We thought it was part of the tradition but when you looked at the expression on their faces, it was a very serious business. They were pumping their hands in the air as they ran out of the temple.

The minute that happened we saw the police - two or three who were inside the compound - suddenly speaking into their radios.

They started going after the monks, and plain-clothes police - I don't know this for sure but that's what I think they were - started to emerged from nowhere.

There were four or five in uniform but another 10 or 15 in regular clothing. They were grabbing monks, kicking and beating them.

One monk was kicked in the stomach right in front of us and then beaten on the ground.

The monks were not attacking the soldiers, there was no melee. They were heading out in a stream, it was a very clear path, and the police were attacking them at the sides. It was gratuitous violence.
Among the 80 deaths now confirmed by the Tibetan government are 26 people who were reportedly taken by truck to a site next to the infamous Drapchi Prison, and executed. Dalai Lama today condemned China's "rule of terror."
"They simply rely on using force in order to simulate peace, a peace brought by force using a rule of terror," the Dalai Lama said in Dharamshala, his home since fleeing Tibet after a failed uprising against Chinese rule in 1959...

"Please investigate, if possible... some international organisation can try firstly to inquire about the situation in Tibet," the Buddhist spiritual leader said.
He says what everyone with eyes can clearly see: there is a problem whether China admits it or not.
"Whether the (Chinese) government there admits or not, there is a problem. There is an ancient cultural heritage that is facing serious danger," the Dalai Lama said. "Whether intentionally or unintentionally, some kind of cultural genocide is taking place."
He is too diplomatic. Chinese policy is clearly intentional.

As protests against Chinese rule of Tibet spread across the country and around the world, examples abound that the communist regime will brook no dissent... anywhere. In Calgary, Canada, a 15 year old newly-immigrated Tibetan refugee was engaging in some civil disobedience on behalf of his homeland. He was draping a "Save Tibet" banner on the roof of the Chinese consulate, when several Chinese men came out a "secret door" and grabbed him, dragged him down to the consulate's basement and roughed him up.
They kept shouting propaganda phrases like "Tibet belonged to China", "We modernized Tibet", and "We have no respect for your Dalai Lama in Tibet!" One even yelled, "If you are in Tibet this moment, we would have shot you in the head!" The men also tried to rip the taped pro-Tibetan slogans off the boy's chest and abdomen.

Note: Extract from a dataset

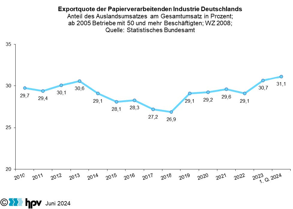 - In relativer Betrachtung haben die Auslandsmärkte für die deutsche Papierverarbeitende Industrie im ersten Quartal 2024 mit einer Exportquote von 31,1 Prozent gegenüber dem Vorjahr deutlich an Bedeutung gewonnen. Damit wurde der höchste Wert im Untersuchungszeitraum ab 2010 erreicht. Gegenüber dem ersten Quartal 2023 ist die Exportquote um einen Prozentpunkt gestiegen.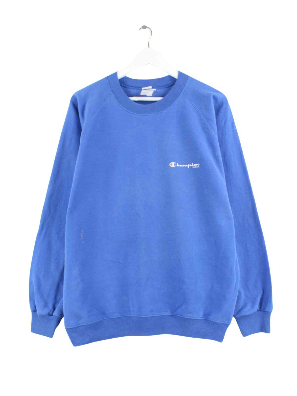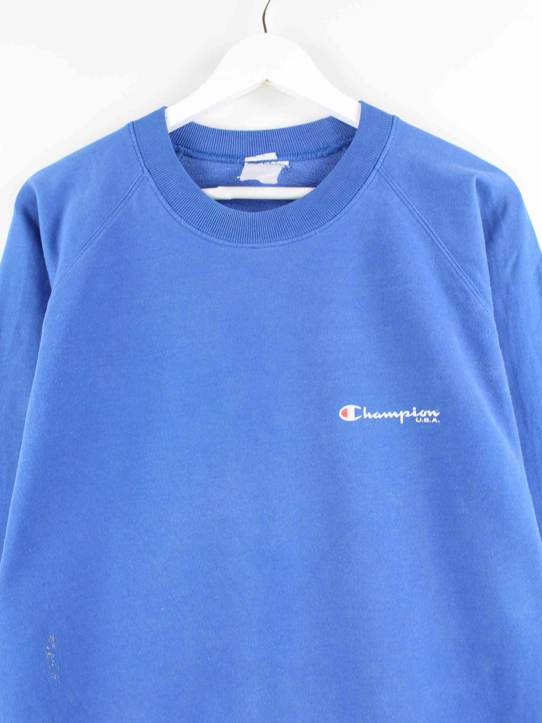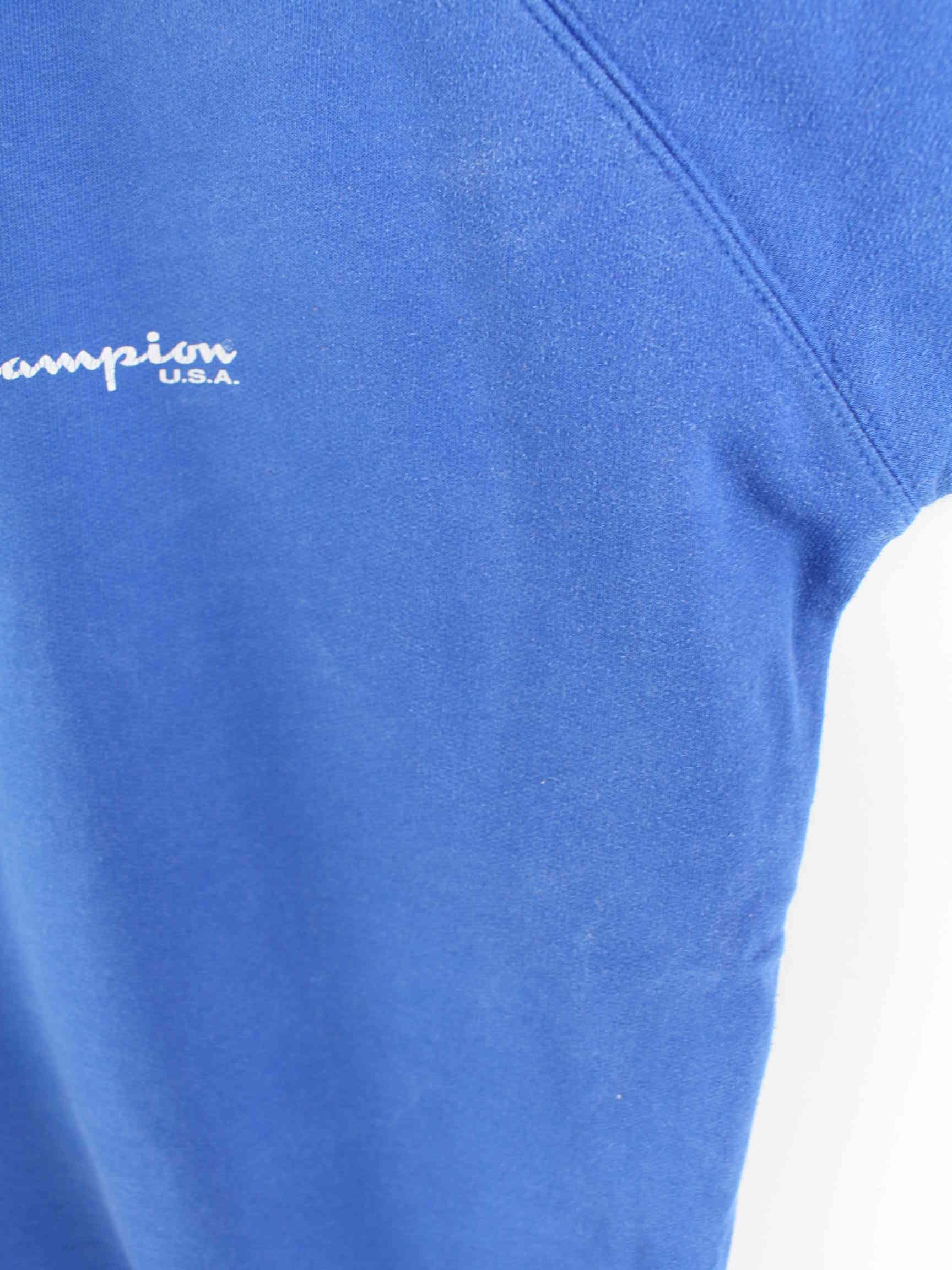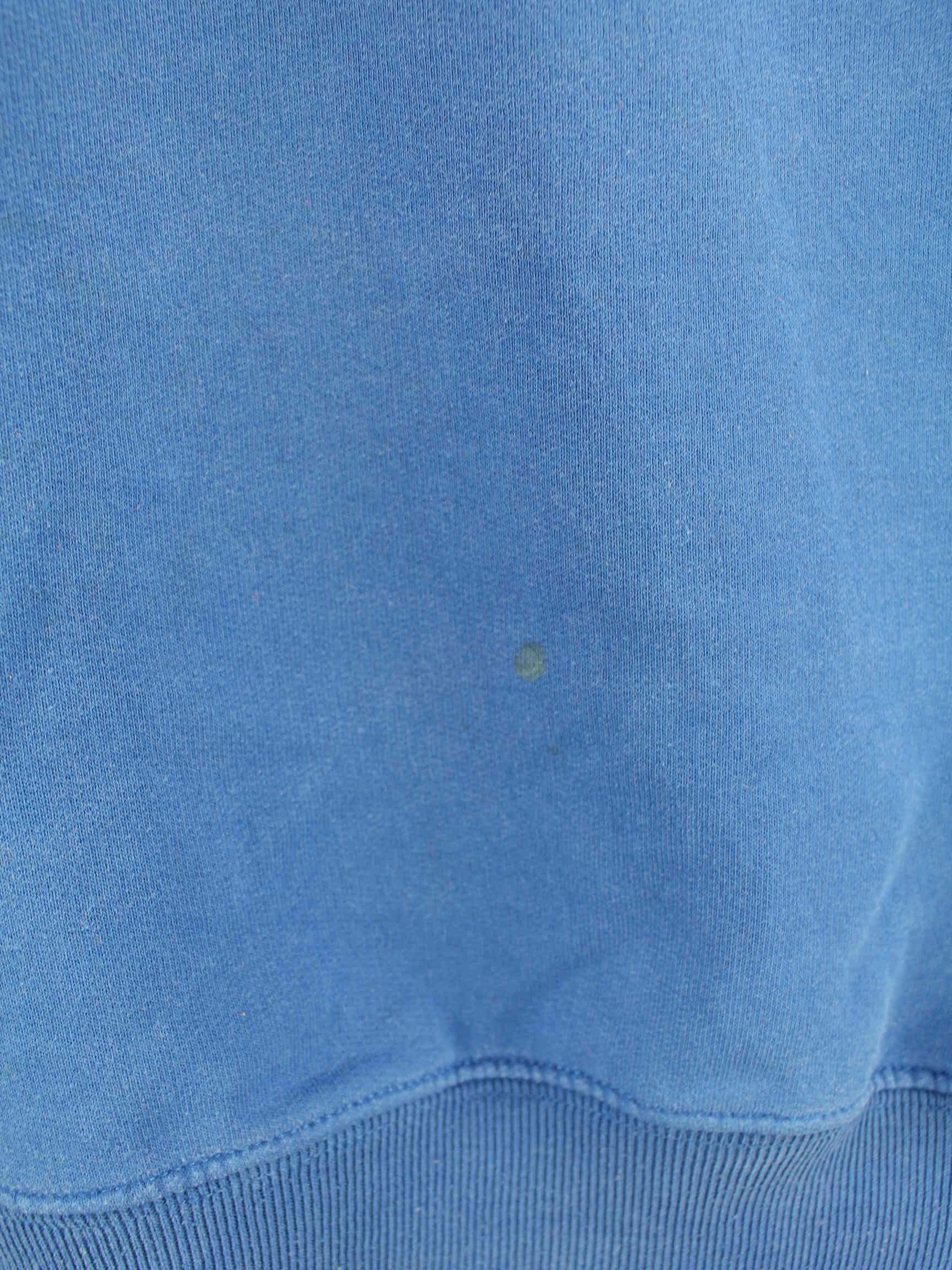 Sweater from the brand Champion in size XL from the 90s. It is made from a cotton blend and is available in blue. With a great vintage print.

Outside the building, the helpless, frightened and agitated crowd stormed the main entrance by screaming "Release our child!", "Let the kid go! He's only 15!", “Human rights!”, and "Shame on you, China! Shame on the Chinese Olympic!"
Ok, ok, they didn't kill him, and it might seem trivial in light of what's going on in his former country. It's just a symptom of the extreme ideological underpinnings of the Chinese sense of entitlement to do anything they want to Tibet and her people, and to lash out at any alternative expressions on behalf of Tibetans -- by anyone, in any place -- whether in Nepal, Greece or Canada. Young Gurmey was rescued after about half an hour by Calgary police.